Hows your shoes? I use to have shin splints that were caused by wearing the wrong type shoe.
Go to a place that knows shoes.
 
I've had the same pain before. Seems like leg curls helped me to get over it. Once I build up with the curls the pain stops.

I'm not talking about leg extensions but curls.
 
Would riding a bike be a good alternative ?
 
Elliptical trainer! :thumb: :thumb:
 
Those are all good . Thanks .
 
shin splints ...hmmmm. not good can sicken the best of us ..the problem is two fold ...firstly get a pair of trainers for the job ...nice and lightand dont tie them too tightly. secondly i have to ask how long is it since u last done any running,seriously?? if its been when u were a kid and u havent done much since i would say that u have forgot how to run properly and u r straining....i would have been running 10-12 miles per night 6 nights a week,last year for baout 4monthsand it took me a while to learn how to run properly again,...if you r running outsi, try a tread-mill on a slow jog for a week or so with the right shoes and u will see a world of difference....
 
or maybe you are just runing too much and your legs arent used to the pressure yet
 
Heh, riding a bike is always good. I love bike riding more than working out (MTBing that is).
 
Id have to say, running out of them is the best medicine available, you ever see forest gump? Run like him and swing your arms! Close your eyes because its more dramatic, and you cant see everyone laughing at you, they will go away. No but serously...

I used to get them and still do sometimes I run 5 miles per day, 7 days a week, on a treadmill, in 30-40 minutes (fast pace on an incline) evefryone will start yelling cause its two much but my goals are different so save it.

Here is my advice, if you shins are sore, take a day off, but dont start riding a bike just because you shins are sore! Did you quit training because yours got sore when you did curls? Shin splints are not caused by stress on the muscle so it is different.

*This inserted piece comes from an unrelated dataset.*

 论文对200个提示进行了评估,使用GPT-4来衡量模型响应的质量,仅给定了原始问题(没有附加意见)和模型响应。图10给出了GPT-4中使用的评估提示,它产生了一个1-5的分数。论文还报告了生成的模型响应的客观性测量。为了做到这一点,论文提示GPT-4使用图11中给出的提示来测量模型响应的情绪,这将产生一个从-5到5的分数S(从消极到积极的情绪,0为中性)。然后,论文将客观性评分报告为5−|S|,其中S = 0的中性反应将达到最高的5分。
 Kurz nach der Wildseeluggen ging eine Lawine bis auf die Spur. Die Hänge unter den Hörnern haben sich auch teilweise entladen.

However things you can do to help:

Drink Water, water will prevent muscle cramps and aid in shin splints think of it as oil

Run on your toes, dont run around like a gay twinkle berry man, but try too absorb inpact near the front of your feet

Stretch out: IF you dont stretch spend a few minutes stretching before and after running, just do your basic leg stretchs it will help.

Push your self a little harder each time but if the pain is unbearable by all means stop, your body will be come used to the motion and learn to deal with it, also you will become a better runner which will help


Running is good for you and before you know it, you will be stopping not beacuse you shins are sore, not because your tired, but because your bored. Y oull run hard for 30 or 40 minutes nd wotn even look at hte clock once.

Try it out, quiter never win and qinners never quit so...
 
I have shin splints also and I found that if I do the stepper before I run or walk on the treadmill it seems to stretch it out and eases the pain
 
Correct me if im wrong but arent shin splints an accumulation of tiny stress fractures in the frontal shin bone (tech. name?)? Sounds like he is just experiencing a painful pump in his underused anterior muscles.
 
Looks like i get the duty of correcting myself here =P. Heres an explanation of the shin splint condition from webmd.com followed by an exchange between a physician and patient suffering from shin pain. Hopefully you'll find something helpfull in there.
========================
Shin pain


One of the most common exercise injuries, shin splints are the result of pounding on too hard a surface for too long, especially when your legs aren't properly conditioned. Dancers, tennis players, runners, even race walkers, who change their routine or get back into the exercise game after a long break are most susceptible.

When you perform a weight-bearing exercise, your leg muscles swell slightly and press against the bones in your lower leg. Too much exercise causes these muscles (as well as the surrounding ligaments, tendons, and bones) to become irritated and inflamed.

When that happens, you have shin splints; when you really overdo it, you risk going beyond shin splints to a stress fracture. Fortunately, shin splints aren't serious and almost never require medical attention. The best course of action is to take it easy for two or three weeks to allow your muscles to heal and to try home treatment.


Symptoms/Signs:

Dull ache (at rest) or shooting pain (when bearing weight) on the shin, the long bone that runs along the front of the leg from knee to ankle


Consult Your Doctor If:

Home treatment does not relieve shin splints within three weeks.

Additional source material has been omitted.